State of the art of research regarding atmospheric deposition of nutrients

State of the art of research regarding atmospheric deposition of nutrients

The processes governing the atmospheric transport, transformation and deposition of nutrients to coastal ecosystems is an important area of research within the atmospheric, marine and terrestrial sciences (see also atmospheric deposition section). The combustion of fossil fuels and the emissions from agriculture into the atmosphere constitutes a highly significant and growing percentage of total N-loading into estuarine and coastal waters [138]. In fact, rainfall associated deposition events are known to stimulate primary production in N-limited coastal and offshore waters [361]. Estimates of atmospheric inputs to the Baltic Sea [227], based on studies of the Group of Experts on Airborne Pollution of the Baltic Sea Area (EGAP), constitutes a considerable fraction of the total nutrient load, although much uncertainty surrounds these estimates [22]. However, only little effort has been put into experimental investigations of the atmospheric load of nitrogen in the coastal zone.

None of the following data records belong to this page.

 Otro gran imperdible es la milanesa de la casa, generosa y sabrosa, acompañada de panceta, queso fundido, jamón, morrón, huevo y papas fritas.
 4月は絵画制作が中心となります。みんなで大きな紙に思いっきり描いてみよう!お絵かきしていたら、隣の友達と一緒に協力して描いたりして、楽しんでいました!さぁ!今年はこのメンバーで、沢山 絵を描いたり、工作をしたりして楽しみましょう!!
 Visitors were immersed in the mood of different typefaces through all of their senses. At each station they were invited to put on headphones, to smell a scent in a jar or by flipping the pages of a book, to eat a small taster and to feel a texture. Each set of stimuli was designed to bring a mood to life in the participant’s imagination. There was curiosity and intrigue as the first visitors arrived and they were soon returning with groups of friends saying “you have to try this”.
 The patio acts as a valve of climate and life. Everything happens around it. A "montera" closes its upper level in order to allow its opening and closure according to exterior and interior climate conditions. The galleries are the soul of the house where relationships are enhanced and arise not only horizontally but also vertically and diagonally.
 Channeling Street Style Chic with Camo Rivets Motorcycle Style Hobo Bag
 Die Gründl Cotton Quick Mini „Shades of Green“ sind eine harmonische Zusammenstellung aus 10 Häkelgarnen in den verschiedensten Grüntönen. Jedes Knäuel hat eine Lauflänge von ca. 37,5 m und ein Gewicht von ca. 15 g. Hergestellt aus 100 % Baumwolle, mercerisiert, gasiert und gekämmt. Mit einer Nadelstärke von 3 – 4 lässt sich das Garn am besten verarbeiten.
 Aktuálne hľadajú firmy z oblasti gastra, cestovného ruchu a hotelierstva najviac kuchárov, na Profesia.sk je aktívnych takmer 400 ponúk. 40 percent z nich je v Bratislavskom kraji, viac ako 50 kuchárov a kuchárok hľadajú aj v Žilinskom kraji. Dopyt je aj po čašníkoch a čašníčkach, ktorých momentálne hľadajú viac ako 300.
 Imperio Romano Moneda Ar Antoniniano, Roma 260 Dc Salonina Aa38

The processes controlling the atmospheric deposition loads are not well understood. For the dry deposition of the gaseous species the horizontal gradients are of major importance. This is in particular true for NH₃, which can also be emitted from the water since, unlike HNO₃, it does not fully dissociate. Emission and deposition of NH₃ is influenced by chemical and biological gradients in the water and fluxes of both HNO₃ and NH₃ are influenced by the physical gradients caused by change in the wave field. Also horizontal changes due to atmospheric internal boundary layers influence the deposition of both gases. The nitrogen gases HNO₃ and NH₃ are both chemically reactive and soluble. Therefore it has been hypothesised that uptake of the gases by sea spray can influence the deposition of the gases. This has been tested in a series of field experiments and the results supported the hypothesis [170].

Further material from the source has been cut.